Contradictory results
In some systems, the realized outcome is the exact inverse of the intended outcome. Because of the emphasis on data and quantification, the problem selection system described may conflict with necessary aspects of human intuition and creativity. Similarly, emotional friction can reduce the efficacy of a system in many ways. One is lowering an individual's interest in participating in the system. If the system feels rigid and unnatural, stifling our sense of freedom and curiosity, we may lose any benefits from the efficiency we had hoped to gain. Additionally, unexpected discoveries and serendipitous opportunities might be a much larger part of an individual's journey than modern data analytics can model. This reality could manifest through a general reduction in creativity and exploration and a narrowing of social circles that lead to less diverse feedback loops. However, if we struggle with this loss of interest in problem-solving, it may be only a temporary growing pain. We may find that there are optimal problem archetypes for the outcomes we hope to achieve. A long-term problem, such as a career path today, may be best selected with a high probability of success, while shorter-term problems can be more uncertain. There may even be an optimal distribution of problems that a given person can attempt at once. If the system is designed with these concerns in mind, we can lessen the likelihood of these unintended outcomes.
Conclusion
The problem isn't simple, and the solution isn't obvious.
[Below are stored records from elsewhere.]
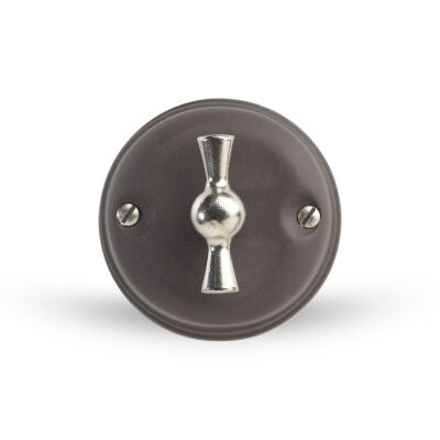 Întrerupător din seria Ardesia GI Gambarelli din crom, finisaj antracit, crom model clasic cu buton rotativ. Piesă artizanală fabricată în Italia, concepută pentru instalații electrice aparente. Compatibil cu rozetele, izolatorii și cablurile din gama GI Gambarelli. Design clasic italian care transformă elementele funcționale în obiecte decorative.
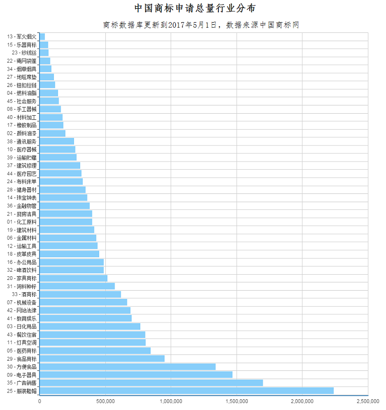 按国际相关法律,按照行业划分,商标分为45个行业,覆盖了几万个商品,包罗万象。下面统计了中国历史上所有商标的注册申请量,我们来看一下具体那些行业类别的申请量最大。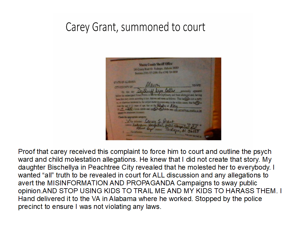 Excerpts from a court complaint: Stalking Harrison Grant, from age 13 by homosexuals originating in Georgia. They were going to make him gay and then a "murderer" and place him in prison for life. Lesbians contacted Olivia to harass her and have harassed me since 2010. Tavares my grandson framed with a transvestite, I later discovered and he wanted to quit middle school.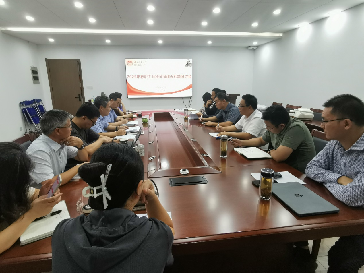 会议传达学习《南京工业大学2025年教职工思想政治和师德师风教育计划》文件精神,结合学院实际,从专题学习教育、警示教育、实践教育以及教职工思想动态摸排等方面对本年度学院教职工思想政治和师德师风教育工作作出具体部署安排。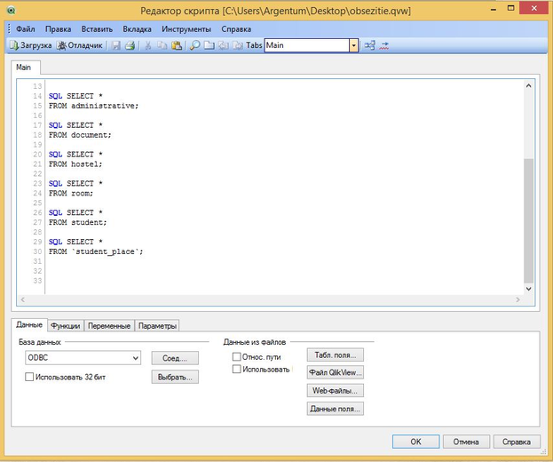 БД была создана посредством MS Access, что упростило процесс визуализации данных средствами BI QlikView. Количество записей-кортежей в БД не менее 200, для накопления статистики и построения диаграмм в среде QlikView.

Eliminating inefficiencies at such a large scale is an enormous task, and when looking deeply into any problem, many other unnoticed problems begin to appear—all working together to create the pains and struggles that are felt, at some level, every day. However, if we can solve it by creating a robust, accurate, and secure problem selection system, the system could aid in the solution of countless other problems. A society-wide problem selection system has great promise in enhancing individual decision-making, improving problem-solving efficiency, and fostering more effective collaboration. However, the system's successful implementation and usage require addressing privacy concerns, bias, scalability, and many other social considerations. By thoughtfully designing the system with privacy and individual well-being as priorities, we can create a more efficient, well-functioning society where individuals are empowered to tackle problems they are truly capable of solving and make more informed decisions that lead to personal and societal growth. While it may be daunting to introduce even more data into our lives, if used correctly, it could transform the lives of many from good enough to great—from uninspired to exhilarating. So much of what we do is to understand ourselves better. Creating an intuitive and accurate system through socializing problem-solving data in a private and decentralized manner may be the next step in the ever-evolving progression of societal understanding.